Что же нам все-таки делать со снижением отношения к «извращенности»? Как могло случиться, что те самые сексуальные действия, которые когда-то были столь сурово порицаемы, а иногда становились формально нелегальными, теперь стали очень широко практиковаться, а в некоторых кругах — активно поощряться? Еще раз повторим: довольно легко проследить поверхностную историю. Сексологи, равно как и Фрейд, и, по меньшей мере, некоторые из его еретических последователей, в значительной степени ниспровергли само понятие извращения. Подвергнутые основательному обсуждению, «Три эссе по теории сексуальности» Фрейда, впервые опубликованные в 1905 г., стремились продемонстрировать, что черты сексуальности, ассоциируемые с извращениями, далеко не ограничиваемые малыми категориями ненормальных людей, — это качества, общие для сексуальности каждого. Следовательно, заключал Фрейд, «неуместно использовать слово „извращение“ в качестве символа укора»[74].

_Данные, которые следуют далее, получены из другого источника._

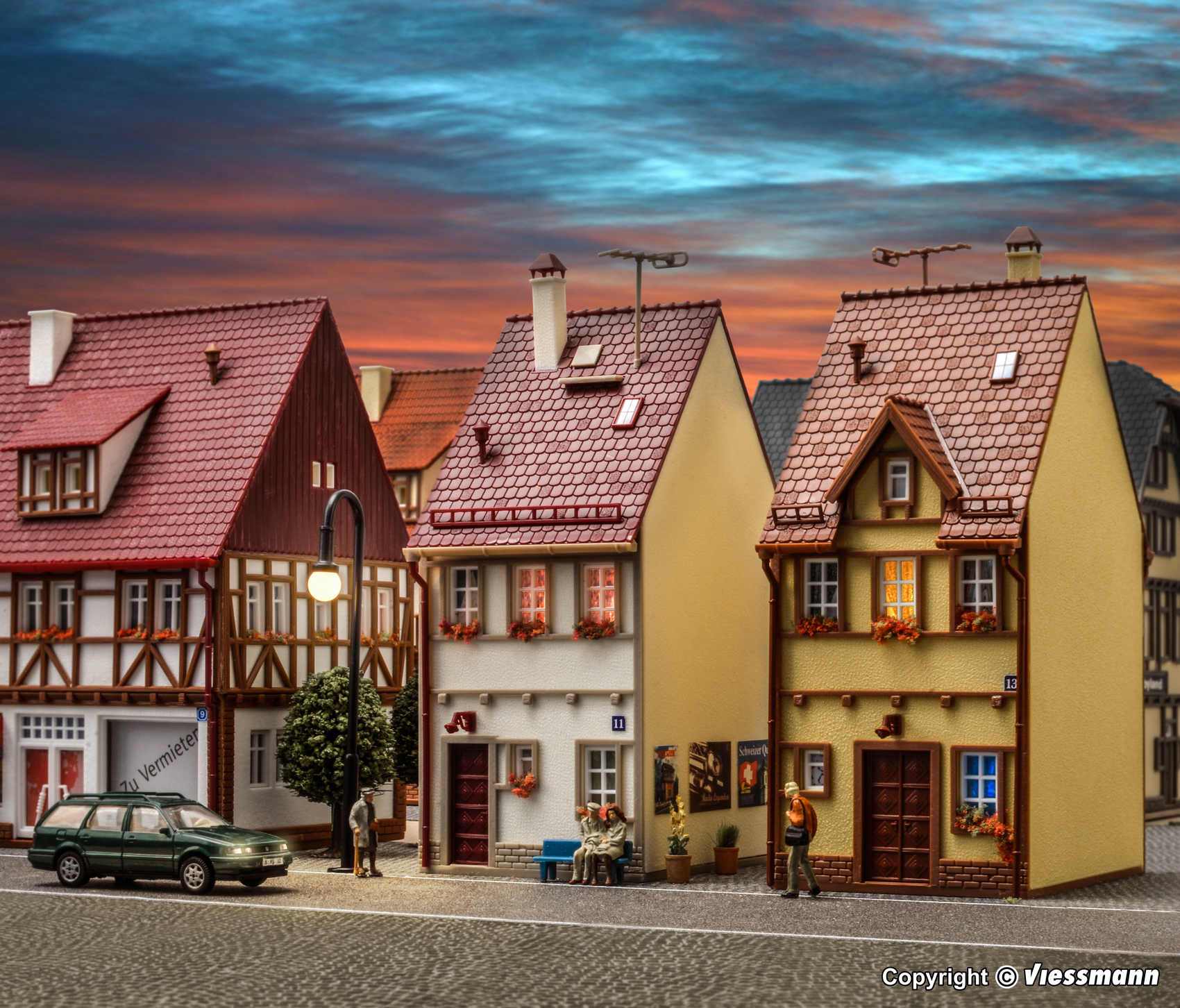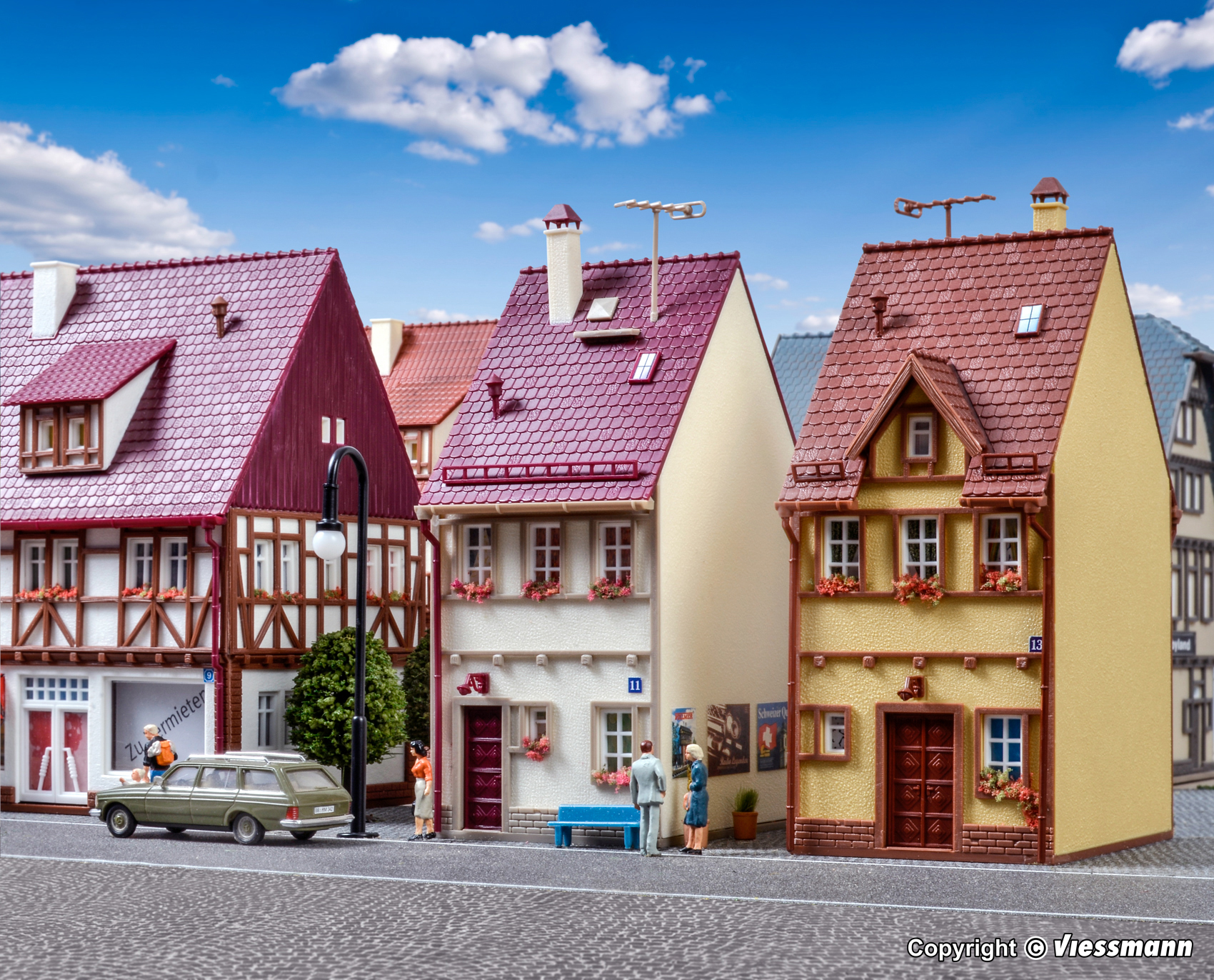 Mit den Bausätzen der Vollmer Bahnhofstraße 9 ? 19 können Sie einen kompletten Straßenzug mit Wohn-, Geschäfts- und Fachwerkhäusern gestalten. Bereits mit 4 Bausätzen schaffen Sie sich eine preiswerte und abwechslungsreiche Häuserfront. Maße: L 8,3 x B 5,2 x H 13 cm.
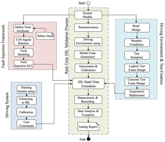 Recently, HIL simulation has been introduced as the best solution to the aforementioned method issues, i.e., the time constraints and the complexity of the real vehicle prototype. HIL is characterized by high reliability and flexibility of the test environment, as well as low cost and time. The ability to execute the generated code of the control and plant model in real time allows comprehensive system behavior to be accurately captured and simulated. Moreover, critical scenarios and failures can be investigated without compromising the safety of the test engineer. In addition to the reproduced and automated test process, real physical components, e.g., sensors, actuators and steering system, can be connected to HIL to enable reliable validation at an early stage before production. In addition, FI based on HIL simulation paved the way for efficient system-level validation of functional safety in critical edge cases according to the ISO 26262 standard [27].
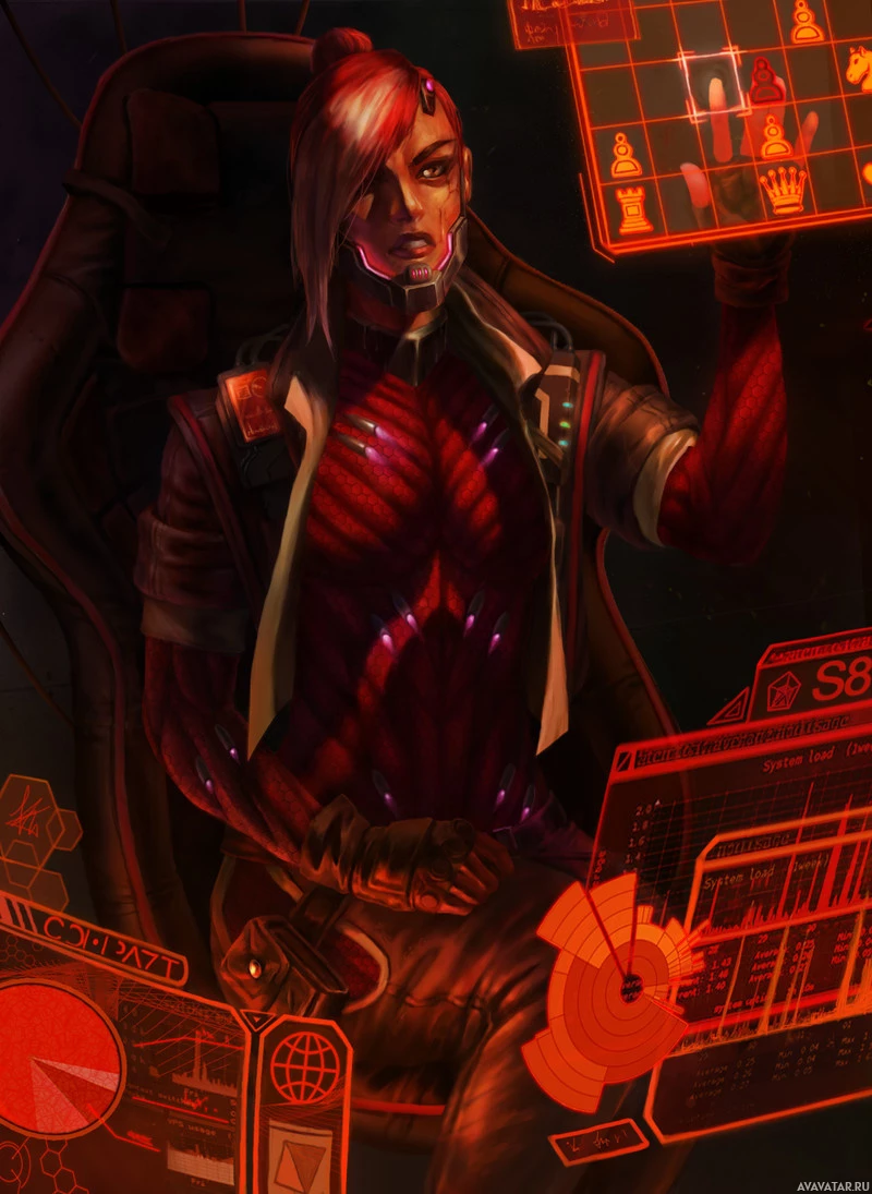 control room, surrounded by various electronic and technological interfaces. The overall style of the artwork suggests it could be related to

Аналогичным образом Хевилок Эллис утверждал, что этот термин неприемлем, предлагая заменить его другим понятием — «сексуальная девиация».
Как можно было бы показать, впоследствии группы интереса и движения начали активно провозглашать социальную приемлемость и легализацию гомосексуальности, оспаривая даже терминологию девиации. Так, например, в США, по мере того как спадала высшая точка маккартизма, учреждались такие группы, как «Общество Меттачайна» и «Дочери Билитис». Последующее создание больших общин геев обеспечило расцвет многих новых групп и ассоциаций, многих продвинутых меньшинств сексуальных вкусов. Битва за обеспечение общественной терпимости в отношении гомосексуальности привела к тому, что на сцену вышли новые организации, заинтересованные в продвижении сексуального плюрализма, как излагает это Джеффри Уикс.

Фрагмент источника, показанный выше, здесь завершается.